From the records below, copy out exactly the lines from the one containing "スポンジを押し込みながらフタ" to the one containing "With Belt round", both included. Add nothing else.

> [DATA TO EXAMINE]:
----------------

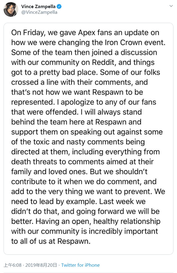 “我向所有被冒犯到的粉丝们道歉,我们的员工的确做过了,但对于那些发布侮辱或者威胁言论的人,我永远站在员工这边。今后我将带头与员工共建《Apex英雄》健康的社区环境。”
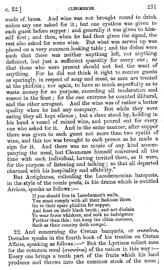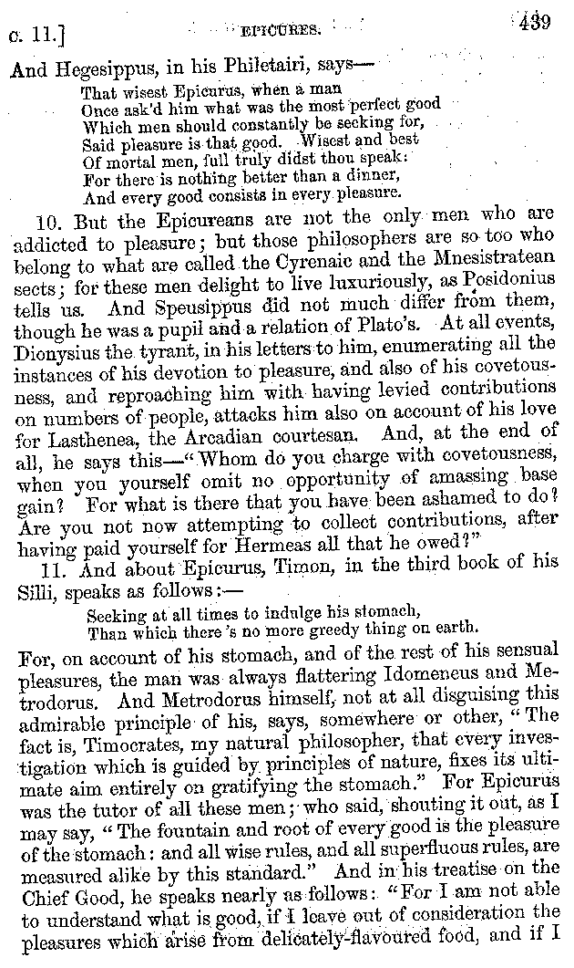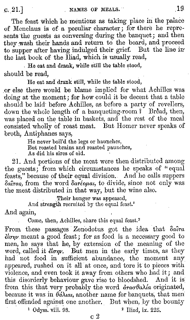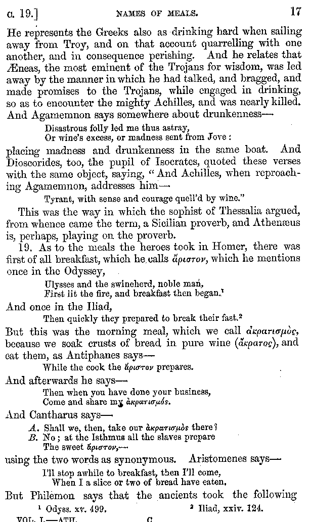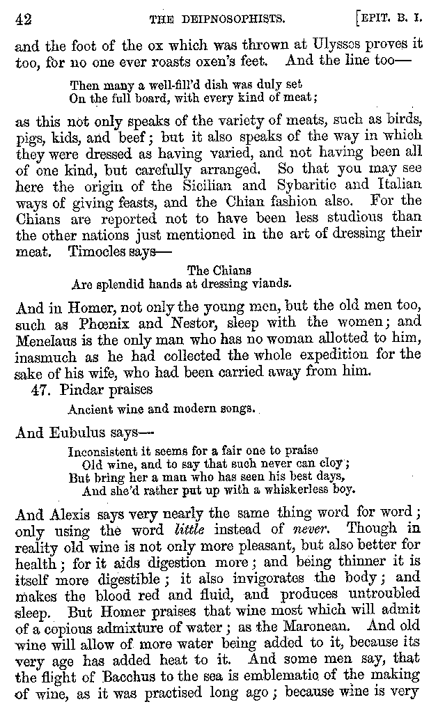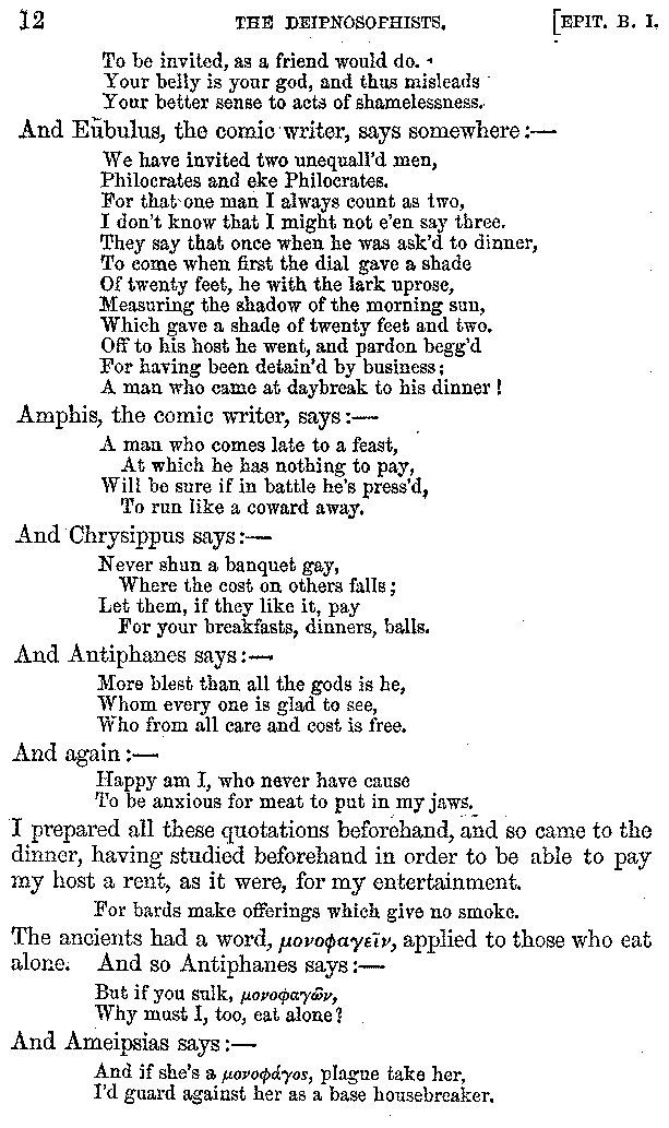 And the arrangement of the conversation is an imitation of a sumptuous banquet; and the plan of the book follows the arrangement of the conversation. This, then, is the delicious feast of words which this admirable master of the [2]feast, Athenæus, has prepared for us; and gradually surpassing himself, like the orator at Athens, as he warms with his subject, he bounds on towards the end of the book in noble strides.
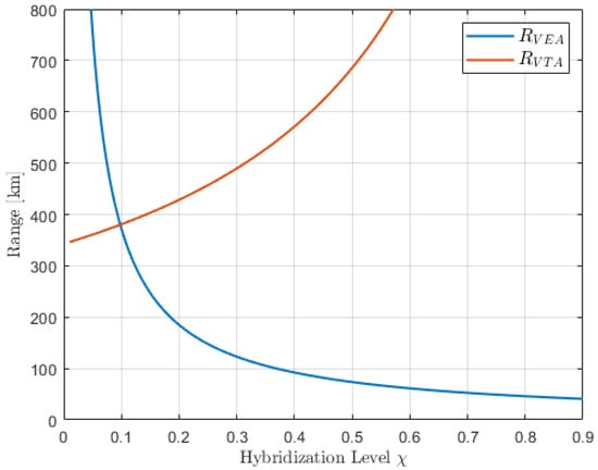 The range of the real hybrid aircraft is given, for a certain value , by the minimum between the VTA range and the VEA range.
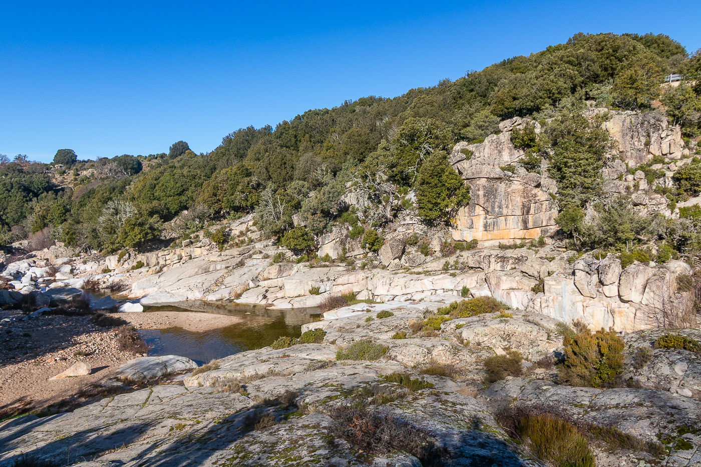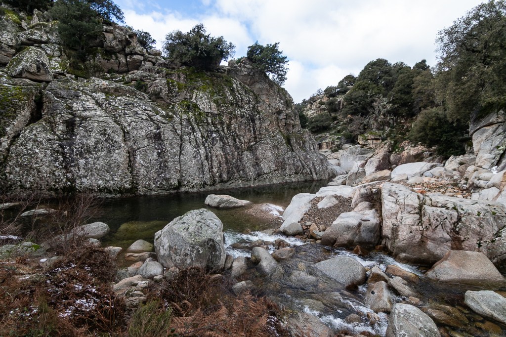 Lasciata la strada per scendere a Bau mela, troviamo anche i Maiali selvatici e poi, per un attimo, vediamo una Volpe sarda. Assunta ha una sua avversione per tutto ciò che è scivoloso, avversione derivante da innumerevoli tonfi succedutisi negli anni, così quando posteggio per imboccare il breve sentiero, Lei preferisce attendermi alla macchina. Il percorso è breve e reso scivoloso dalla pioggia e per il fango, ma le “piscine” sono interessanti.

----------------

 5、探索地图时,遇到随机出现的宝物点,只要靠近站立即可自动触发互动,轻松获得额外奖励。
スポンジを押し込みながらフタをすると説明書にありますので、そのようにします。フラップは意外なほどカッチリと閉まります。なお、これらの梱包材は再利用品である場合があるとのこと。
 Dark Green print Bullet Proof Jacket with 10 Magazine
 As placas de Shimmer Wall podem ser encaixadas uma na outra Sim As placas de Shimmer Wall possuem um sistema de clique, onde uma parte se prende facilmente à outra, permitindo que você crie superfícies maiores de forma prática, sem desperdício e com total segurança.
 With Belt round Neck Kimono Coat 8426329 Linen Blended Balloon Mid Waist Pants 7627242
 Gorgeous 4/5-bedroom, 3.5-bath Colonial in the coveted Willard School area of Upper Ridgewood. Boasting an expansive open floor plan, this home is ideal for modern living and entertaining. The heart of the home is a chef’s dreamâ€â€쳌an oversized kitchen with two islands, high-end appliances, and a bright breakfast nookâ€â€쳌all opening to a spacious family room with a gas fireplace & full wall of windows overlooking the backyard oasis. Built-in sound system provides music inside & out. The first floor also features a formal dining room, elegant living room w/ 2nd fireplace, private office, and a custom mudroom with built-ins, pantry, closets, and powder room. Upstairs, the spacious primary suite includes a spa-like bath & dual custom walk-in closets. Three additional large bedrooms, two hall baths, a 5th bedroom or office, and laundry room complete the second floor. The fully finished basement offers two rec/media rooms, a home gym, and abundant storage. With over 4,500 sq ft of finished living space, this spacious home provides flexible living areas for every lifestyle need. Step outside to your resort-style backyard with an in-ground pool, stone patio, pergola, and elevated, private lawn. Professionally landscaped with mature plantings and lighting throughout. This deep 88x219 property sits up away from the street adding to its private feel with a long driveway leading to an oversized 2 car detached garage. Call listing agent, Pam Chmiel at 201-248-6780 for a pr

----------------

> [RESULT OF THIS EXERCISE]:
スポンジを押し込みながらフタをすると説明書にありますので、そのようにします。フラップは意外なほどカッチリと閉まります。なお、これらの梱包材は再利用品である場合があるとのこと。
 Dark Green print Bullet Proof Jacket with 10 Magazine
 As placas de Shimmer Wall podem ser encaixadas uma na outra Sim As placas de Shimmer Wall possuem um sistema de clique, onde uma parte se prende facilmente à outra, permitindo que você crie superfícies maiores de forma prática, sem desperdício e com total segurança.
 With Belt round Neck Kimono Coat 8426329 Linen Blended Balloon Mid Waist Pants 7627242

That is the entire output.